- EXERCISE BRIEF -
Nothing but an exact copy is asked for: the lines in the material below from the one with "roses pink - 18" through the one with "وظيفة جامعة.. أعلنت", pictures excluded.

PROVIDED MATERIAL Start Marker

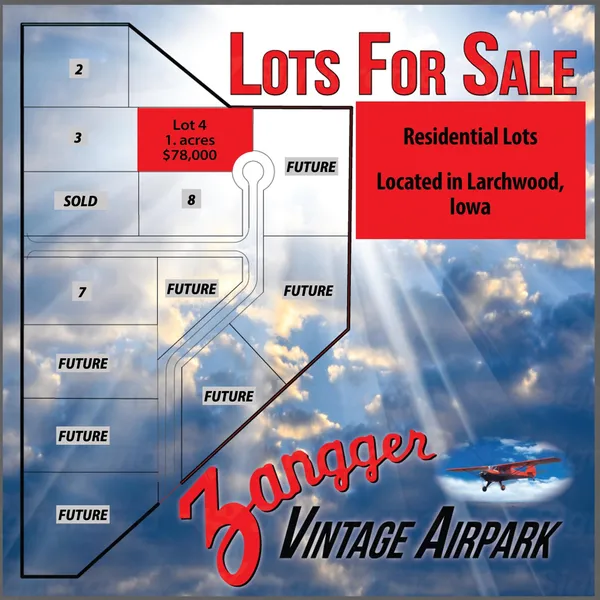 Residential lots just east of Larchwood, IA and situated on Zangger Vintage Airpark near the golf course. If you love all things aviation, this is for you!! If you desire beautiful scenery just outside of city limits in small town Iowa ~ all while being a short 15~minute drive to Sioux Falls, this is also for you!! The airport holds the distinction of being "vintage," not only for the fact of its age and historical importance to the Iowa aviation ecosystem, but also because "it's best suited for vintage, tailwheel aircraft," Jim said. Still, it has a runway suitable for anything up to a light twin and sees traffic from modern aircraft as well. (Quoted from a "Flying Magazine" article written May 2022). It is the oldest privately owned public use airport in Iowa and is the only one in the state with three runways. It is honored to be the first and, arguably, the only residential airpark in the state. The lots themselves offer beautiful Iowa scenery, generously sized and ready for your dream home. Covenants stipulate an accessory building, if built, be designed as a hangar to be built on the lot with a home. The home should be situated on the lot to accommodate this possibility. Reach out for more information ~ builder will need to work closely with the airpark to ensure all FAA airspace restrictions are met for the safety of the homeowner and the pilots who use the airpark. This is an absolutely beautiful place to build a home whether you appreciate aviation or not. Owner wants to welcome all but also desires to incentivize aircraft owners with a $5,000 discount!!!
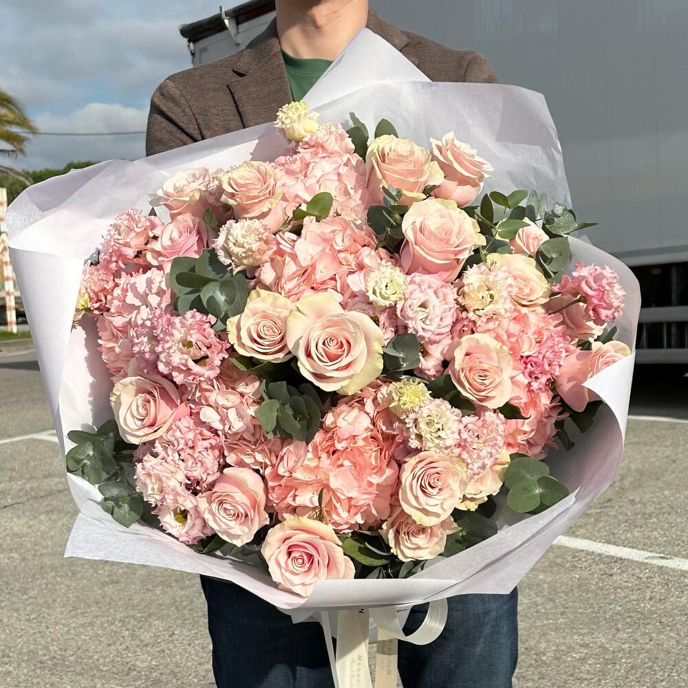 roses pink - 18 pcs pink hydrangea - 8 pcs lisiantus pink - 10 pcs
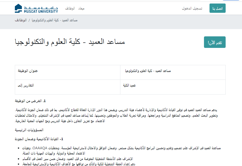 وظيفة جامعة.. أعلنت جامعة مسقط عن طرح مجموعة من الوظائف الأكاديمية والإدارية البارزة ضمن كلياتها المختلفة للعام الأكاديمي الجديد 2025، في إطار سعيها المستمر لتعزيز كفاءاتها التعليمية والإدارية ودعم خططها الاستراتيجية في مجالات التعليم العالي والبحث العلمي وضمان الجودة.
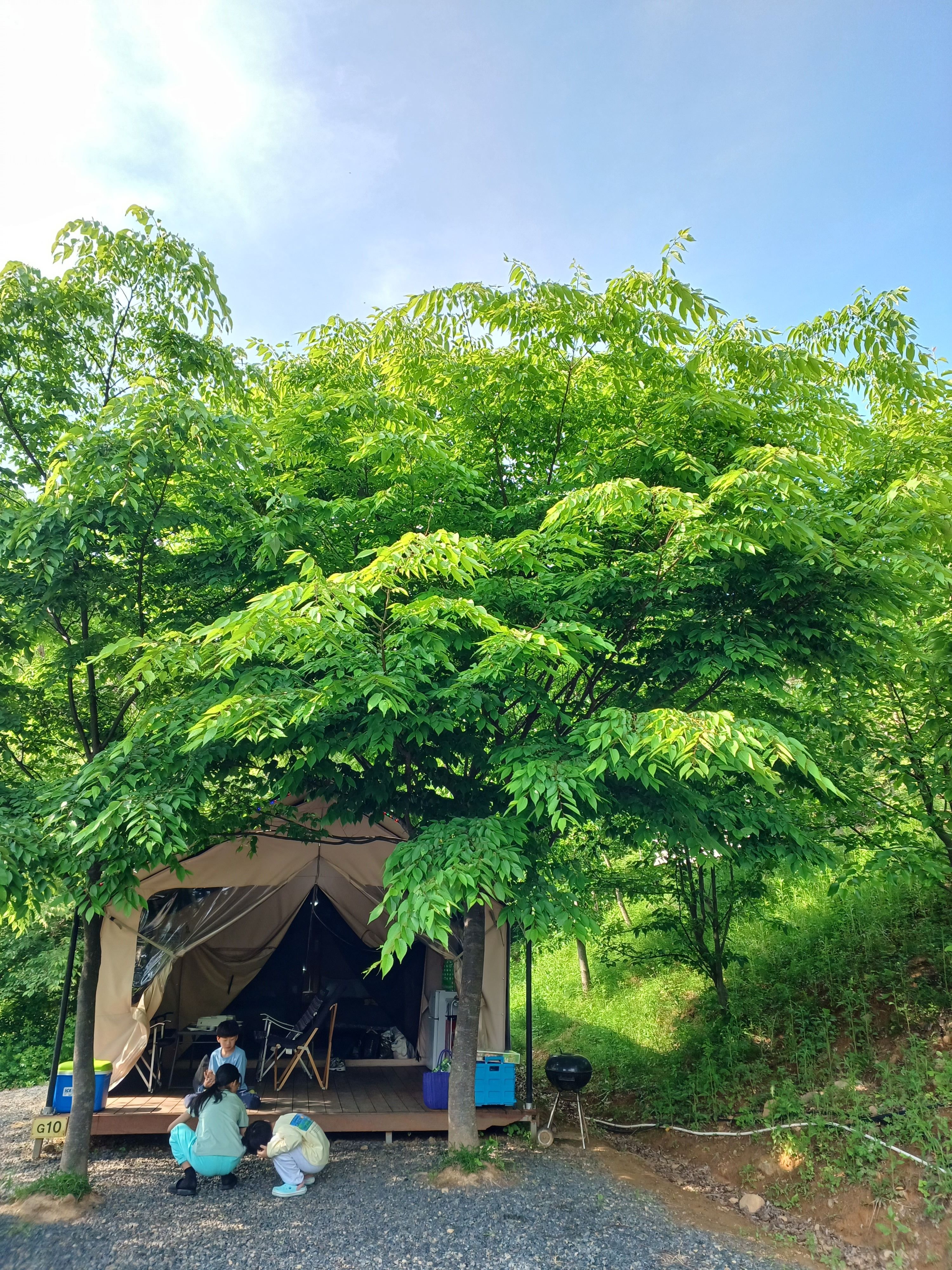 아이랑 둘이 갔는데 사장님이 친절하시고 뷰가 너무 좋아서 좋았어요 ㅎㅎ 저희 사이트에 그늘이 없어서 낮에는 텐트에만 있었는데 에어컨이 있어 시원했어요 ㅎ

PROVIDED MATERIAL End Marker

- WRITTEN SOLUTION -
 roses pink - 18 pcs pink hydrangea - 8 pcs lisiantus pink - 10 pcs
 وظيفة جامعة.. أعلنت جامعة مسقط عن طرح مجموعة من الوظائف الأكاديمية والإدارية البارزة ضمن كلياتها المختلفة للعام الأكاديمي الجديد 2025، في إطار سعيها المستمر لتعزيز كفاءاتها التعليمية والإدارية ودعم خططها الاستراتيجية في مجالات التعليم العالي والبحث العلمي وضمان الجودة.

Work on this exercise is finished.